Figure out who’s in charge
If the deceased has a will, the person in charge will be the executor or trustee. If there’s no will, make a decision about who takes charge.
A surviving spouse is normally the first option, though if your surviving parent is elderly, they may not want the responsibility. Otherwise, a family member who lives close by is a good bet. Being nearby will allow them to get necessary documents from the court and coordinate with real estate agents.
Obtain a death certificate
You’ll be surprised how many times a certified death certificate is needed to finalize financial obligations. Get around a dozen certified copies so you have one on hand when needed. Your funeral director should be able to help you obtain these.

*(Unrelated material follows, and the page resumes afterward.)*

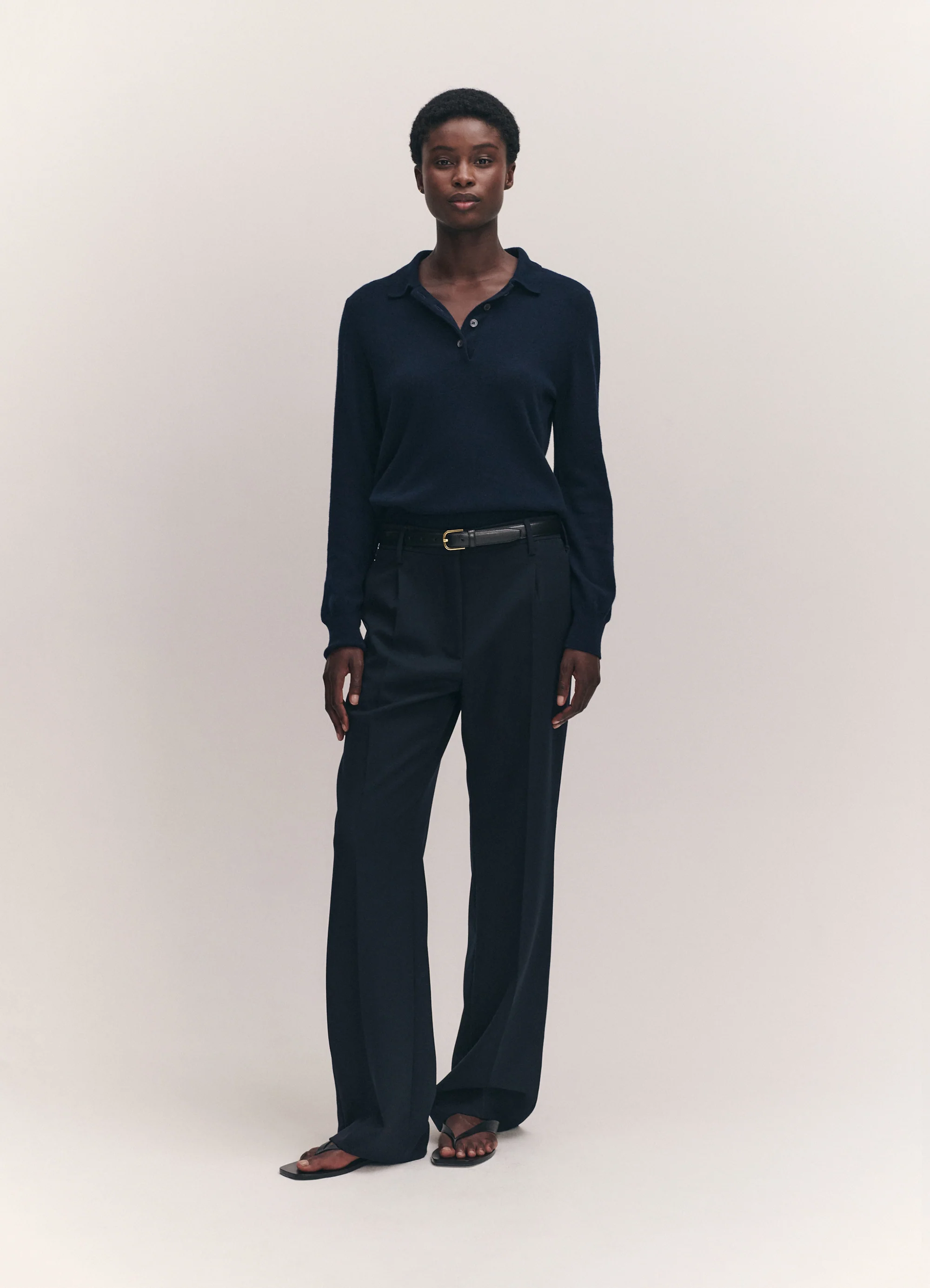 The Aoife Cashmere Polo Shirt. Crafted in Scotland from fine-spun, lightweight cashmere, in Dark Navy. Part of our Underpinnings collection: a foundational shape designed to be worn on its own or as an effortless transitional piece, easily layered.Ā

A lot of places need to be informed about a person's death. As recently deceased people are often targets for identity theft and fraud, it’s important to do this as soon as possible. Places to advise include:
Government agencies: Social Security, Medicaid, Medicare, the VA, and any other departments they interacted with
Financial institutions: Your loved one’s bank, insurance company, and financial advisor
Creditors: Any entities they owed money to, especially credit card companies
Credit bureau: Inform one of the three major credit bureaus, and they'll notify the other two
Informing the credit bureau allows them to freeze your loved one’s credit report. This is an important step in fighting fraud.
Get legal help
If you have any questions about your loved one’s finances or debt, talk to a lawyer. They can help you through the probate process and make sure the deceased’s assets are protected.
So, do you inherit your parents' debt?
Want the key takeaways about debt and inheritance? Here they are:
Debt doesn’t generally get passed down
Debts get paid off from the deceased person’s estate
If it’s joint debt or you’re a cosigner, you’re still responsible
Debt collectors aren’t allowed to harass you about these debts
We understand this isn’t the most pleasant subject to discuss. But as with any big decisions that pertain to money, it’s important to know the facts to protect your financial future.